When designing new functions or updating the existing ones, please refer to guidelines and best practices of R package development detailed here. Ensure to always provide the required documentation for any new functions. See this section for more details on best practices for documenting R functions. Unsure what information goes where in a function documentation? For more information, see this.

Name

The new functions should follow the GAMBLR-verse convention implemented and expected throughout the packaged to ensure consistency and user expectations. The maing naming conventions are:

Use get_ when the function is supposed to retreive some sort of data
Use pretty when the function is supposed to generate a plot or a multi-panel figure
Use collate_ when the function generates sample-level summary values from another result, which will be added as one or more new column to existing metadata
Use annotate_ when the function is supposed to annotate the data input with some additional information

Title

The title displayed in the documentation is taken from the first sentence. It should be written in sentence case, not end in a full stop, and be followed by a blank line. For example:

This is a good title
This Is Not A Proper Title.

The title is shown in various function indexes (e.g. help(package = “some_package”)) and is what the user will usually see when browsing multiple functions.

Description

The description displayed in the documentation is taken from the next paragraph.
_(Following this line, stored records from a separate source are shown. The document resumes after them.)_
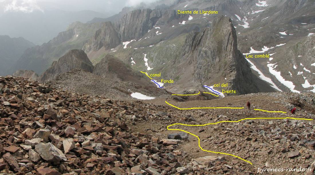 Pour la descente, suivre la crête sud pour atteindre le col "del Diente" au pied de las Diente de Llardana.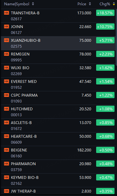 TransThera rose 19%; JOINN rose 11%; Xuanzhu Bio up 6%; Remegen, Wuxi Bio up 2%.
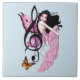 A cute little fairy all in pink with a music note and butterfly in a backdrop of blue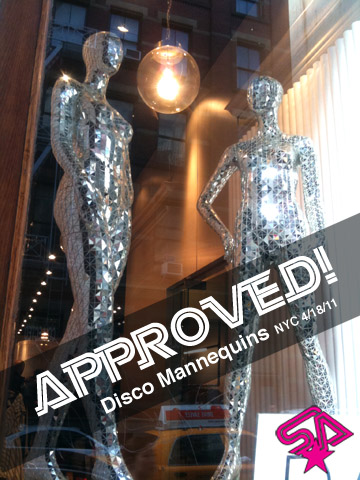 This sparkling photo was submitted for approval by NYC legend Mother Krunk who said that these gorgeous creatures were so dazzling, he didn’t even notice where he saw them! Turns out, they live in the window of a SoHo boutique owned by a reality TV star who will remain nameless. Why, you ask? Because the Sparkle Army is Superstar Heavy, but CELEBRITY FREE! That’s right Soldiers, you don’t have to be a starf*cker to recognize that these “pyramid” mirror-tiled Disco Mannequins are not only fabulous, they are APPROVED!

It’s shown at the top of documentation and should briefly describe the most important features of the function.

Details

Additional details are anything after the description. Details are optional, but can be any length so are useful if you want to dig deep into some important aspect of the function. Note that, even though the details come right after the description in the introduction, they appear much later in rendered documentation. If you want to add code to the details, this is also the sections to do so. For example, the new function relies on some bash code in order to utilize the GAMBLR code. You can detail such code here by simply adding a code block as you would in a regular markdown file.

Arguments

Detailed argument descriptions should be included for all functions. Remember to state the required data types, default values, if the argument is required or optional, etc.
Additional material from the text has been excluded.